De volta da escola, a menina ouvira da mãe, com um olhar esfomeado, que Isolda regressara. Feliz e aliviada, entrou rapidamente à sua procura, mas, para sua surpresa, não a encontrou. Cansada de procurar, lançou um olhar curioso à mãe que agora carregava uma expressão ambígua, de surpresa e abatimento, como se acabasse de cair em si do que fizera.

Foi então que Dona Maria desviou o olhar lentamente, com uma tristeza inumana, ao fogão à lenha, que exalava um aroma delicioso de ensopado, irreconhecível até então. Sem entender nada, a menina passou eternos segundos contemplando a panela sem saber o que pensar. Somente quando as lágrimas naturalmente começaram a cair é que entendeu o que havia no ensopado.
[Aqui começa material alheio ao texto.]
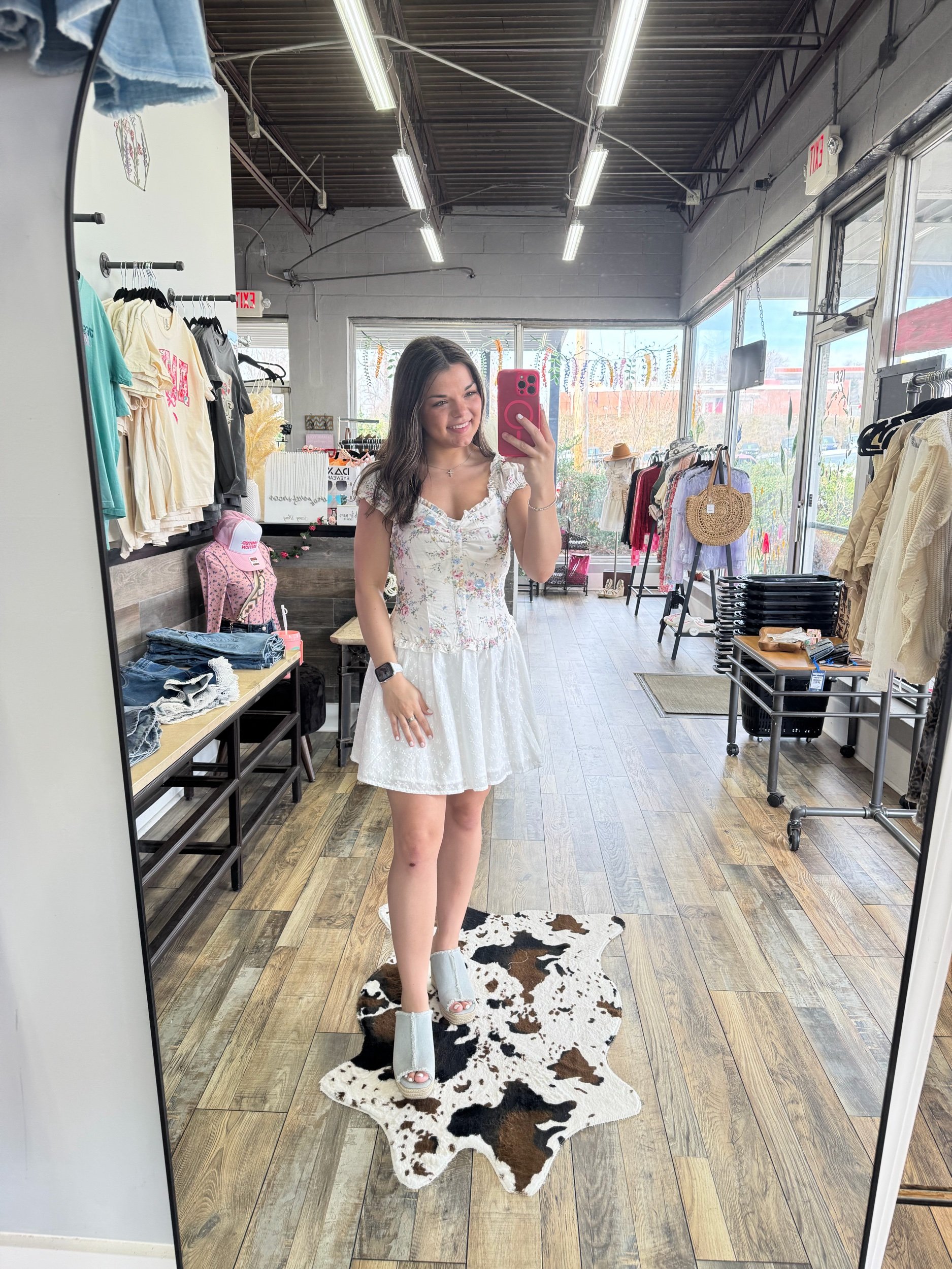 Store › Floral Ruffled White Dress Image 1 of 1 Floral Ruffled White Dress $49.99 Size: XS Small Medium Large Add To Cart Added!
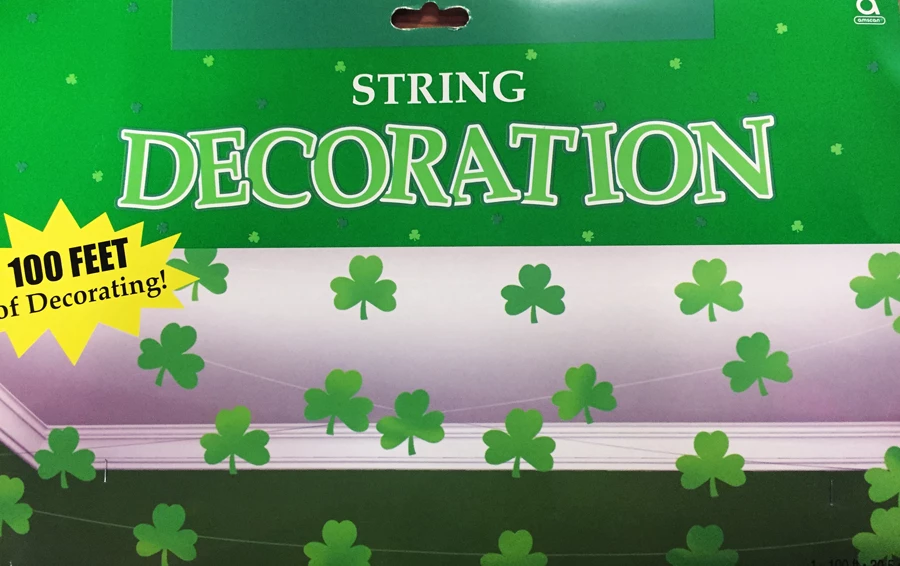 Guirlande fil de 30 m de long avec une série de trèfles de 10 cm x 10 cm en papier métallisé vert idéale pour vos décorations de la saint Patrick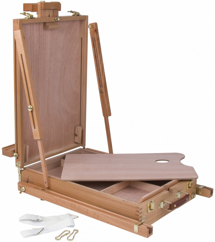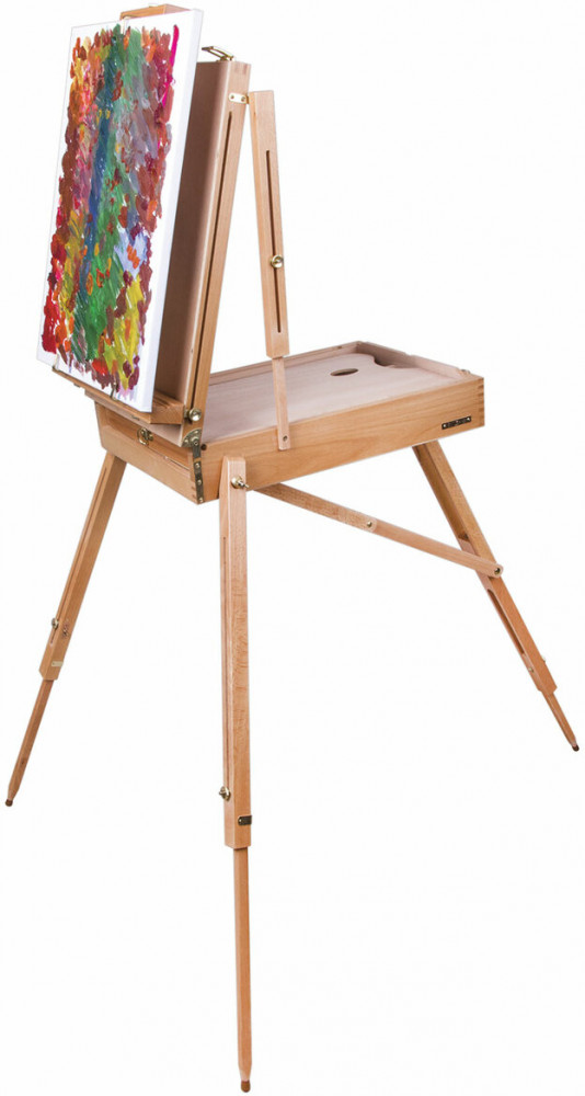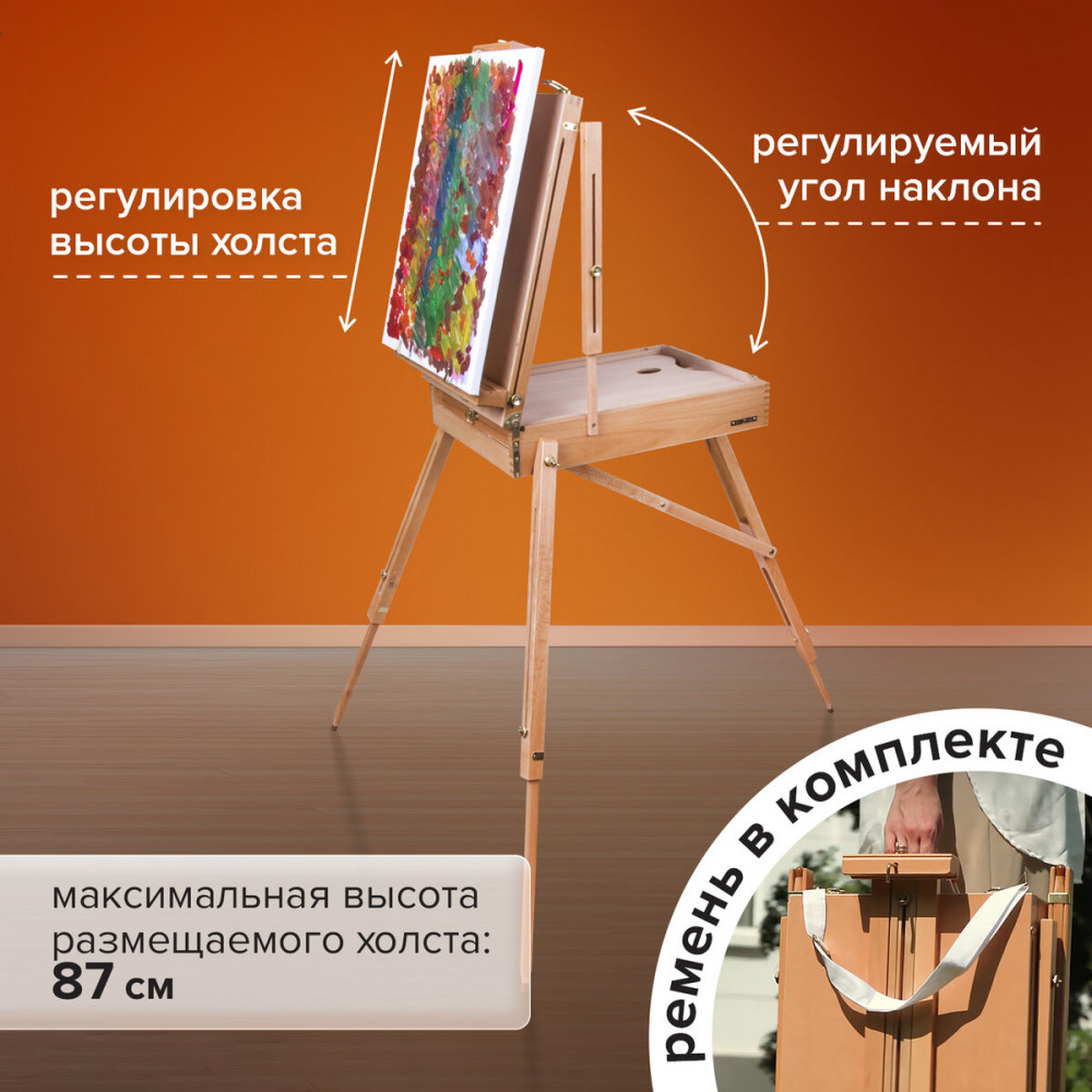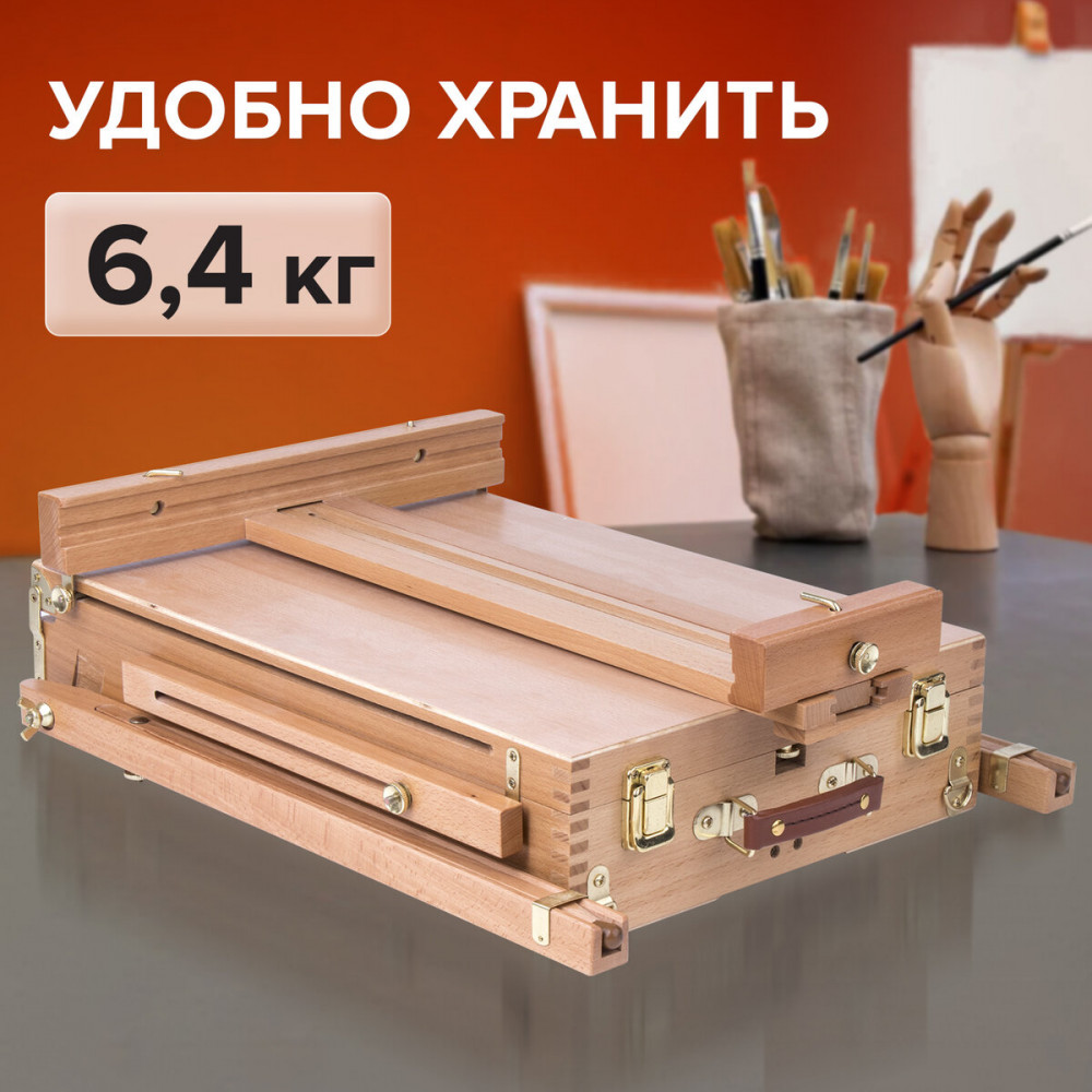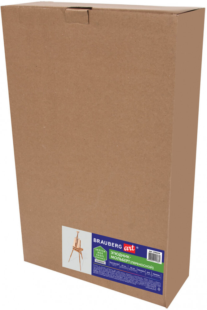 Этюдник Brauberg Art «Classic» предназначен для выполнения этюдов масляными красками или акварелью. Дает возможность работать на холсте и картоне в условиях мастерской и на пленэре. Будет полезен тем, кто осваивает живописные приемы. Изготовлен из натурального бука, пропитанного маслом, с применением качественной фурнитуры. Оснащен ящиком для хранения кистей и палитрой для красок. Этюдник позволяет комфортно работать как сидя, так и стоя, благодаря съемным телескопическим ножкам длиной 90 см и регулирующему наклону холста с его максимальной высотой — до 87 см. Для удобства переноски имеется регулируемый тесемный ремень. Размер в сложенном виде — 50×34×11 см. Размер в разложенном виде — 86×110×180 см. Вес — 6.4 кг.

Ignorando a fome e tudo que lhe pudesse segurar ali, saiu correndo em disparada mata adentro, mata afora, sem direção. Vizinhos afirmam que ela correu durante horas e foi encontrada na beira do rio, que parecia avolumar-se devido ao seu choro. Dona Maria, por sua vez, triste como sempre e morta de fome, sentou-se à mesa com um prato, um punhado de farinha e uma colher, e saboreou o ensopado com o único tempero que possuía: o sal de suas próprias lágrimas.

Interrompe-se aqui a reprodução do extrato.